If someone I've never bought anything from says "we want to audit your operation and sell you more stuff based on our findings", uhh, no.
(Score: 3, Informative) by dogstar13 on Wednesday March 05 2014, @09:43PM
I went through this process last year. The MS partner conducting the audit is prohibited from selling you anything. If you have to buy a few licenses to true up you do that through the vendor of your choosing. It's still bullshit though.
(Score: 3, Interesting) by hubie on Wednesday March 05 2014, @10:31PM
Isn't this what the BSA [bsa.org] (Business Software Alliance) was for, shaking you down with legal threats? Do these guys belong to the BSA? You might want to check that first.
(Score: 2, Informative) by Cornwallis on Wednesday March 05 2014, @11:59PM
Years ago I had just started as IT mgr at a large company and received a similar letter from a legal firm. I was jumpy enough due to being new on the job and wanted to make sure we were compliant. (I wanted to make sure we were compliant anyways...) The ONLY result of completing their audit was to start getting bombarded by M$ marketing bullshit trying to get us to upgrade & buy more. BTW, our audit proved we were complaint.)
(Score: 1) by SecurityGuy on Thursday March 06 2014, @01:11AM
That's nice. I would also like a pony. So?
I have to agree that there's too much wrong with this for me to waste any time on it. I get tons of spam/scan email, so I'm sorry, but an email to my misspelled name at my misspelled company telling my Microsoft wants something that ISN'T from Microsoft or from someone claiming to be their law firm would have been deleted already.
I suppose if I really wanted to CMlegalA, I'd just reply that I think they're a scammer and they should proceed with more "formal communication" if they're not.
(Score: 3, Insightful) by dotdotdot on Thursday March 06 2014, @04:01AM
Not sure if this is appropriate SNetiquette, but thank you to everyone who responded. I appreciate all the honest feedback and recommendations.

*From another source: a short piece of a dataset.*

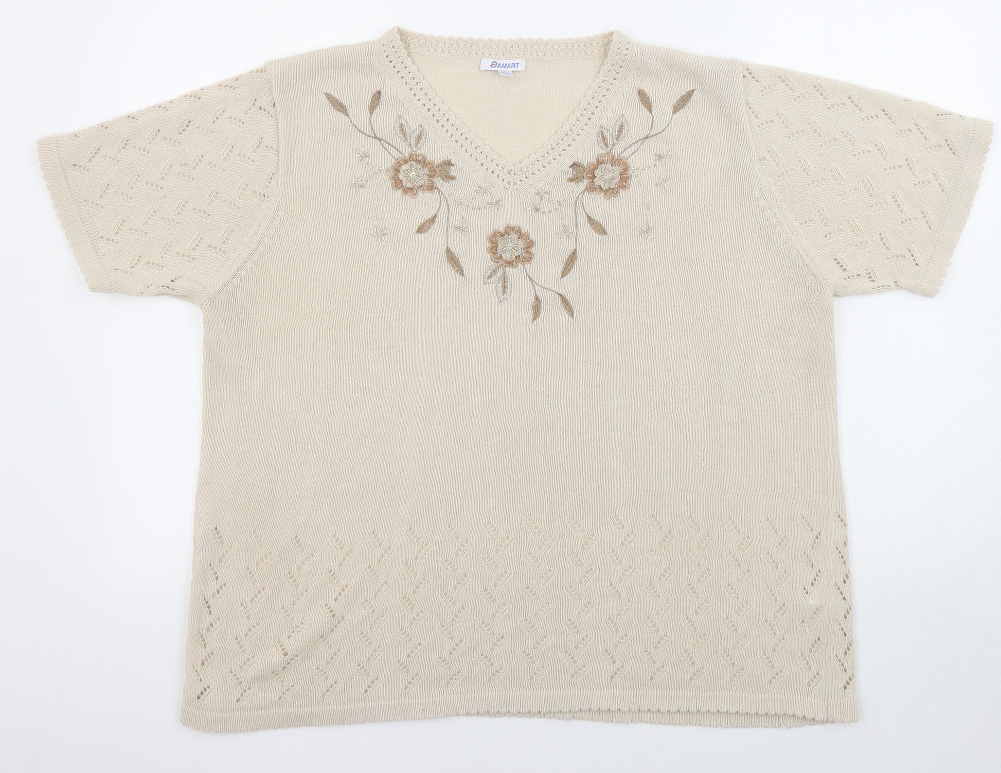 Womens Beige V-Neck Acrylic Pullover Jumper Size 22 - Size 22-24

And thank you, SN, for not trolling this to death and turning it into a microsoft bashing party. This is so much better than what a certain older site had become.
(Score: 1) by LM-Els on Thursday March 06 2014, @07:45AM
If I'd received that email and not been sure of its authenticity of validity, I'd contact Microsoft directly, to inform them that some company is trying to impersonate a relationship with them, forwarding the email with headers and all.
I've once done this with an email that seemed to come from my bank, but from a different server than usual. In that case, the bank replied the email was indeed from them, and they would look into the fact that it looked bogus. (and gave me the URL on the bank website where I could check exactly which emails had gone out to customers).